By Sergio Garcia Hernandez
BOGOTA, Colombia (AA) – Financial experts do not usually wait to decide on money — they anticipate and the effects of a particular political event may have on world markets.
The recent signing of a "phase one" agreement between the U.S. and China, which slows down or at least suspends the so-called trade war, is part of those anticipated events.
According to several financial and economic analysts, it was taken for granted by markets.
Since the end of 2019, the Latin American market had been anticipating possible low trade tensions between the two major world economic powers. That is why the most crucial effects of the agreement, signed Wednesday, would have been foreseen since December.
Felipe Campos, manager of strategies and investigations at Alianza Group — a fiduciary and commission agency, told Anadolu Agency that markets did perceive in advance the effects of an agreement suspending the trade war.
In Latin America, the main effect of the brake on the trade dispute was the revaluation of the region's currencies, which became evident with a drop in the value of the dollar last December, said the analyst.
For that reason, he affirms that any other consequence of the agreement, after its, would be "very limited."
"The dollar has already dropped its value quite a lot and I don't think that with the signing there will be any additional impacts," Campos said.
According to the analyst, since the end of last year, the world's stock markets, including Latin America's, had also taken into account that China and the U.S. would not escalate their trade dispute.
The stock market would have already had its rise in Latin America due to the end of tensions between the two powers and its eventual share price in the coming months would be associated with other events, such as the next presidential elections in the United States.
"Election years are good, but they are very volatile in the United States and that is reflected in Colombia. The issue of the global economic slowdown also generates noise that can affect oil prices," he said.
The expert also said he does not believe there will be a reactivation of trade in Latin America on behalf of the recent agreement unless Washington and Beijing enter into the second phase of negotiations and accept forceful tariff reductions on goods.
The trade war halt was not the only issue that allowed Latin American currencies to gain value at the end of 2019, according to Campos.
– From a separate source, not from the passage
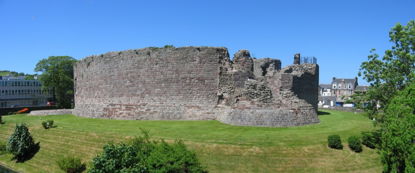 South view of Rothesay Castle, Bute, Scotland.
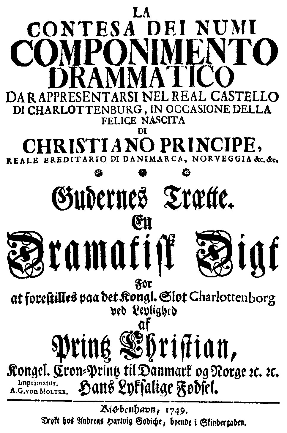 Christoph Willibald Gluck - La contesa dei numi - titlepage of the libretto - Kopenhagen 1749

Several events led to the recovery of trade and stop currency devaluation in Latin America, such as the Federal Reserve's decision to keep interest rates unchanged, the announcement of a plebiscite that ended Chile popular uprising and the small cuts in OPEC oil production,
"I think all these elements helped the risky assets at the end of the year, especially to developed country's stock markets than emerging countries, but let's say they all benefited from it," said Campos.
The U.S. and China signed a "phase one" trade deal Wednesday that marks a major milestone in the more than two-year trade war between the world's top two economies.
The trade war has rattled global markets on fears it could spark a global slowdown.
At issue for Washington is a lopsided trade imbalance with China — the U.S. had a $378.6 billion trade deficit with China in 2018, according to the Office of the U.S. Trade Representative — as well as concerns over intellectual property theft, including what the Trump administration says is Beijing's policy of forced technology transfer.
China agreed "to make significant reforms" as part of the deal, including enhancing intellectual property protections and ending forced technology transfer, according to the White House, which said China further promised to make "substantial" purchases of American goods and services "in the coming years."
The agreement establishes a mechanism for the parties to resolve disputes during its implementation.
Trump imposed wave after wave of U.S. tariffs on Chinese goods and China has responded in kind. To date, the U.S. has imposed tariffs on roughly $360 billion in Chinese imports.
Trump maintained U.S. tariffs would remain in place until a final deal with China is reached "because otherwise, we have no cards left to negotiate with."
Ahead of the agreement's formal signing, the Treasury Department dropped China on Tuesday from its list of currency manipulators.
Instead of being treated as a currency manipulator, China is now on a "monitoring list" of U.S. trade partners that "merit close attention." The list includes Germany, Ireland, Italy, Japan, South Korea, Malaysia, Singapore, Switzerland and Vietnam.